The reason this happens is because the fundamental economy usually doesn’t change that quickly, except in the rare cases such as COVID, and people vote on what they see and feel NOW, not on whose policies and actions created the present economic conditions, which means that many of those voters are, in effect, voting for or against the previous administration, not the present administration.

“More Plot and Less Politics”

Every so often I get a comment like that, more often lately in the books of “The Grand Illusion,” and I just want to shake my head. In fact, sometimes I do. I feel the same way when someone makes comments about just wanting to get rid of politicians and politics.

What many of these people fail to understand is that, like it or not, politics are responsible for all the achievements of the human race, and that the declines of past great civilizations largely resulted from the failure of politics.

Why do I say that?

Because individuals acting alone are limited in what they can do. Cooperative effort is what enables technology pretty much anywhere above late stone age, and cooperative effort requires social organization. Social organization falls apart without a political structure of some sort. While some theorists will claim that a market system trumps politics, even market systems need politics to function above the stone age.

Regardless of which is more important, there have never been any societies with a technology at or above the bronze age without some form of unified political and economic system.

Now, I understand the need for entertainment in fiction. If a fiction book doesn’t entertain a reader, it’s generally a failure. But just as non-stop action is totally unrealistic, as I pointed out in an earlier blog, so are societies without at least plausible economic and political structures.

You can’t maintain an autocratic kingdom or even high-tech society without enforcers of some sort, and a set of enforcers, whether a military-police structure or a secret police, requires organization and structure, which in any system involving human beings requires politics. Non-autocratic technological societies have differing structures and differing politics, but politics remain necessary.

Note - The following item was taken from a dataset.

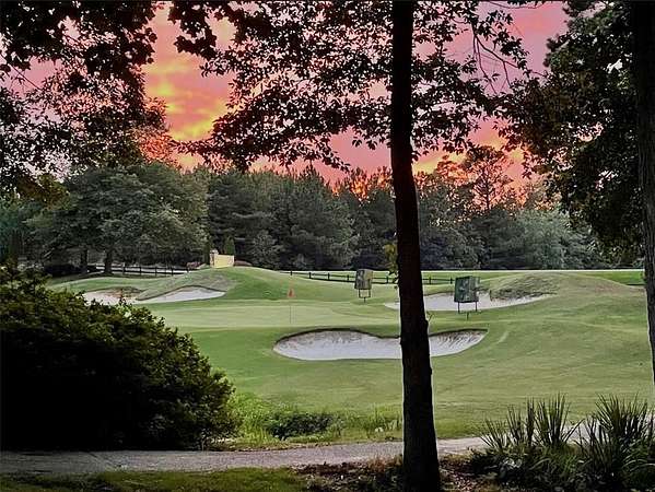 Offered for the first time, this custom-designed home captures sweeping views of the entire 7th hole at Royal Lakes Golf & Country Club, with additional views of the Hole 8 tee box. Privately set on 1.67 acres of mature, wooded landscape, this rare estate-sized property enjoys no homes nearby and stunning west-facing sunsets across the course. Designed for today's informal lifestyle, the open floor plan flows effortlessly to a screened porch with TV overlooking the fairway, creating the ideal space for year-round entertaining and relaxing. The spacious island kitchen features an impressive 8' x 4' island with seating for up to six, abundant pantry space, and direct access to the screened porch for seamless indoor-outdoor circulation. A back yard patio provides additional outdoor living space, all oriented toward the golf course and sunset views. The primary suite includes a private balcony overlooking Hole #7 - perfect for lingering over morning coffee or enjoying sunset cocktails while watching the game. Additional highlights include a luxurious primary bath and a well appointed primary walk-in closet designed for efficient organization and functionality. A guest suite features a vaulted ceiling and built-in bench beneath an expansive window, distinctive design elements. Outdoor spaces are equally inviting, offering generous yard space for play and relaxation.. The bonus room/4th bedroom is perfectly suited for a dedicated office, featuring a private nook for printers and equipment along with a spacious closet and additional tucked-away storage. The oversized 28' x 36' garage was designed to accommodate large SUVs, golf cart, small boat, and storage. A rare opportunity to own a thoughtfully designed home with exceptional golf course frontage, privacy, Augusta-inspired azaleas and stunning sunset views.

I could ask the question of why at least some “action-oriented” readers readily accept the impossibility of non-stop action and reject the impossibility of societies without workable politics, but the answer is most likely that, because they don’t see or understand that politics can be as deadly, and often more deadly, than military or other action, they find direct violence and action more emotionally satisfying. That lack of understanding on a larger scale in society is why autocrats like Putin, Hitler, Mussolini, Orban, and more than a few others gained power through political means, rather than by direct military force.